Here is the abstract:
Lots of Copies Keep Stuff Safe, Lots of Communities Keep Stuff Safe; the situation of digital preservation in a community with a shared stake in designated content has always been a close and logical complement to the LOCKSS technical architecture for distributed, peer-to-peer digital preservation. This model has been reasonably successful: collectively, hundreds of organizations participate in a dozen networks dedicated to preserving not just subscription e-resources but also government information, web archives, digitized special collections, theses and dissertations, and more arbitrary repository content. We have a notion, though, that LOCKSS is not doing as much good for digital preservation as it could be, and getting there will require changes both to how we engage communities and how the the technology works.
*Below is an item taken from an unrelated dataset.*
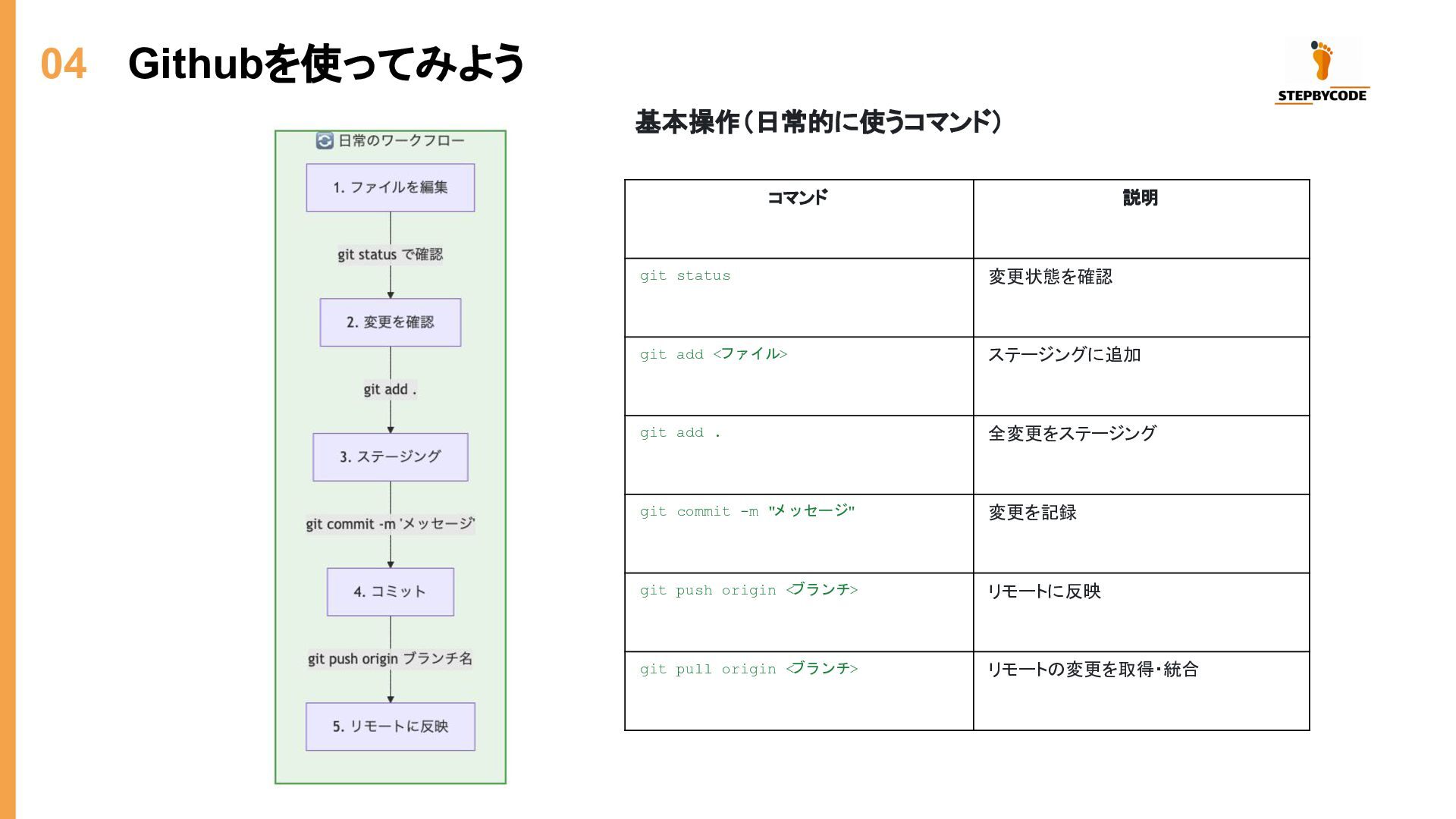 04 Githubを使ってみよう コマンド 説明 git status 変更状態を確認 git add <ファイル>

Our coupled community and technical strategy is to make LOCKSS more accessible and interoperable for broader use in general digital preservation workflows by cross-pollinating with allied open-source software communities; engaging the LOCKSS community in collaborative software and solutions development; documenting LOCKSS technologies and more actively fostering an integrator community; elaborating shared and distinct competitive strengths in partnership with other community-based digital preservation service providers; and creating a structured forum for partners to guide the evolution of the LOCKSS Program itself.
This session will provide an opportunity to share and receive feedback on the new ways that LOCKSS could support digital preservation broadly, as well as reflect on the important intersections of community and technical strategy for a long-running digital preservation initiative.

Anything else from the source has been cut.